Dynamic Window Approach (DWA)

The DWA performs a sample based optimization. It samples a control action in the feasible velocity space (usually a translational/angular velocity pair) and rolls out the trajectory for these particular sampled actions. Rollout means, that the trajectories are simulated according to the specified horizon length based on the robots motion model. One important detail is: the control action is kept constant along the whole prediction horizon. Hence it cannot predict motion reversals etc. After rolling out predictions for all samples, the best candidate is selected based on a specified cost function and constraints (including distance to global path, smoothness, obstacle clearance, ...).

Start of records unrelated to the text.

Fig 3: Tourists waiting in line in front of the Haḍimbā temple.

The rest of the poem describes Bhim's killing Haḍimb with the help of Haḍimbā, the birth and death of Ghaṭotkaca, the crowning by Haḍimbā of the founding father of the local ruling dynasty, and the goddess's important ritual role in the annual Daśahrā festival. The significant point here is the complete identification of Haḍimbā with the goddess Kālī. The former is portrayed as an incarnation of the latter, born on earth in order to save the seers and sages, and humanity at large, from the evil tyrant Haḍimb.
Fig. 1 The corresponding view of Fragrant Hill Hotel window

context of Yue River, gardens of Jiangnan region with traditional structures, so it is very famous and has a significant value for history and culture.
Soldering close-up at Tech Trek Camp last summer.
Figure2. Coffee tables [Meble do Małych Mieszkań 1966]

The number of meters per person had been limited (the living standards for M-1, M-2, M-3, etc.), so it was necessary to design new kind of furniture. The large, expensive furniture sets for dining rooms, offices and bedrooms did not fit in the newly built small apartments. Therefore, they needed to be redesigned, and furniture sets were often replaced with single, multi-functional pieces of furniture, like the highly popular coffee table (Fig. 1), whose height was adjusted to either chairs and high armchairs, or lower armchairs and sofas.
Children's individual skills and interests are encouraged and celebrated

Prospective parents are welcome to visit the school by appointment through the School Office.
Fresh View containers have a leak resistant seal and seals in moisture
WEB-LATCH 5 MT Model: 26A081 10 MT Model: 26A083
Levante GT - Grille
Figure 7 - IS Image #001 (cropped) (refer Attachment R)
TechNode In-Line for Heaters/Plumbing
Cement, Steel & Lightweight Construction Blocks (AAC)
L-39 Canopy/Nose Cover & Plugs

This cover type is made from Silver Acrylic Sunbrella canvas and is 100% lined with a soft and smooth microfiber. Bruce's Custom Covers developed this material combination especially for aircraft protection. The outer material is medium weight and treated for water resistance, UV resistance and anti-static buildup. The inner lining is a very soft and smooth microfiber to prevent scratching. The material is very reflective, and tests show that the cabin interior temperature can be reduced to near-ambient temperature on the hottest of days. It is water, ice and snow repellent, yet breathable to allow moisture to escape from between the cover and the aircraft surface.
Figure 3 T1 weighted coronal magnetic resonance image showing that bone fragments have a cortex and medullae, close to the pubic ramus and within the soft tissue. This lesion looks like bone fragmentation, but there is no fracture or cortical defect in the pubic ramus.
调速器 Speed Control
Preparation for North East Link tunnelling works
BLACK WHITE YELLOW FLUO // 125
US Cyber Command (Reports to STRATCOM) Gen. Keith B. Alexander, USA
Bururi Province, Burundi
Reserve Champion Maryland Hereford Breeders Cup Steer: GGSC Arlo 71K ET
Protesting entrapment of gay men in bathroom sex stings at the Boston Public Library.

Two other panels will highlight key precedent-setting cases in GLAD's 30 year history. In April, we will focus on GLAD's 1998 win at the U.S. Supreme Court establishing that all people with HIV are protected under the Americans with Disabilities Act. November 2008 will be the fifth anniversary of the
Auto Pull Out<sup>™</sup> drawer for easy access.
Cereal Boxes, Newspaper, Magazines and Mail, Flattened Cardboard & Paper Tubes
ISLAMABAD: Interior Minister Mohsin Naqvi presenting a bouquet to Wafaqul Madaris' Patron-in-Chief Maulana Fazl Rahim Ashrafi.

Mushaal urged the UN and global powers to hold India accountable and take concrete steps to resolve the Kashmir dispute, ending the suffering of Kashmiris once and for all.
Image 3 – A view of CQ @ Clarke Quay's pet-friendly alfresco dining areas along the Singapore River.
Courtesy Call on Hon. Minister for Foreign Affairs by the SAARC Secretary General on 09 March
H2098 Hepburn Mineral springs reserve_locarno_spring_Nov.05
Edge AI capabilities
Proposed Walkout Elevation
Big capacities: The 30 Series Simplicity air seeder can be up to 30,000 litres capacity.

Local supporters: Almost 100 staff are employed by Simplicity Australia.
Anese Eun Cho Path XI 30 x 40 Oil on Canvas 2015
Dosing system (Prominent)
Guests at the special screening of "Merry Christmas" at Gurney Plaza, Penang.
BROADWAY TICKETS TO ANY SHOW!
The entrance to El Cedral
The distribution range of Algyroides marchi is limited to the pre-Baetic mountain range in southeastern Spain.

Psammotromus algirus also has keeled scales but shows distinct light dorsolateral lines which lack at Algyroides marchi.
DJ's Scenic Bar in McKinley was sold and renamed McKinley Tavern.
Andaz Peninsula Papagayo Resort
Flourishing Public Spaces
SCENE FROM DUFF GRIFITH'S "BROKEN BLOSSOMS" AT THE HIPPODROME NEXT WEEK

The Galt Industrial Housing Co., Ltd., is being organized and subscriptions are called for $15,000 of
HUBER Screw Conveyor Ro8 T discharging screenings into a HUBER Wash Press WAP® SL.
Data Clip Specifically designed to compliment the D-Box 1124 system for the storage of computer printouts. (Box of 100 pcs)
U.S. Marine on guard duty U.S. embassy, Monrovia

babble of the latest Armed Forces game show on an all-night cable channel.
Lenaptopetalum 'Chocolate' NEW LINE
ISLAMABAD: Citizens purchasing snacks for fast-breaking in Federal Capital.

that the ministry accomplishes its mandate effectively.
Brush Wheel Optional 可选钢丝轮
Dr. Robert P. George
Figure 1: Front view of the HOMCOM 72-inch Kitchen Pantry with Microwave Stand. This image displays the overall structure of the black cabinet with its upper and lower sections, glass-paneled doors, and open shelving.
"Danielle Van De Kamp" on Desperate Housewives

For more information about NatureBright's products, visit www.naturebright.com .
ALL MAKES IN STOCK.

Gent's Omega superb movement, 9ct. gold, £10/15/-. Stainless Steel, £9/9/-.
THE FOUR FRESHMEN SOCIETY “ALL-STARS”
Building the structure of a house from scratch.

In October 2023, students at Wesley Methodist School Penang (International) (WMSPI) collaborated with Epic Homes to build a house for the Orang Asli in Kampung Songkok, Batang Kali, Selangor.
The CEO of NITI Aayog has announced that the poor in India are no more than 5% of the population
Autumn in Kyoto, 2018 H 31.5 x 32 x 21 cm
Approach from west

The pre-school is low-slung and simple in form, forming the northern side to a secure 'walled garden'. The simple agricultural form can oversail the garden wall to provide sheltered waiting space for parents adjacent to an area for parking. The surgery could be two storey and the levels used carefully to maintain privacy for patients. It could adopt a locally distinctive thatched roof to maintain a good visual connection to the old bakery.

Consequently, DWA includes two simplifications in order to keep the computation times low while achieving a certain amount of control performance. I will not go into the details regarding stability and recursive feasibility arising from the inherent suboptimality, but the approach works pretty well for differential-drive and omnidirectional robots. A benefit is, that the cost function can be non-smooth and so it is well-suited for grid-based evaluations. E.g. trajectories can be rasterized into the costmap in order to evaluate the cost (considering lethal grid cells and inflation cost). Furthermore, the DWA does not get stuck in local minima based on its initialization (of course, the robot can still get stuck due to a limited horizon length and fewer degrees of freedom in terms of control actions). Since DWA assumes constant control actions along the prediction horizon, the control of car-like robots is rather limited. There are some basic extensions to restrict the velocity search space to car-like compatible actions. But motion reversals are still not subject to optimization and hence parking maneuvers in confined spaces are intractable. Note, of course, motion reversals can occure during closed-loop control, but they are not part of the open-loop solution / prediction.

In Summary:

• Suboptimal solutions without motion reversals (control actions are kept constant along the prediction horizon)
• Well-suited for diff-drive/omnidirectional robots, but not for car-like robots
• Supports non-smooth cost functions

Timed-Elastic-Band (TEB)

The TEB primarily tries to seek for the time-optimal solution, but you can also configure it for global reference path fidelity. The approach discretzies the trajectory along the prediction horizon in terms of time and applies a continuous numerical optimization scheme. Consequently, depending on the discretization resolution, the degrees of freedom along the prediciton horizon can be very high and motion reversals are supported. Furthermore, the constrained optimization problem is ...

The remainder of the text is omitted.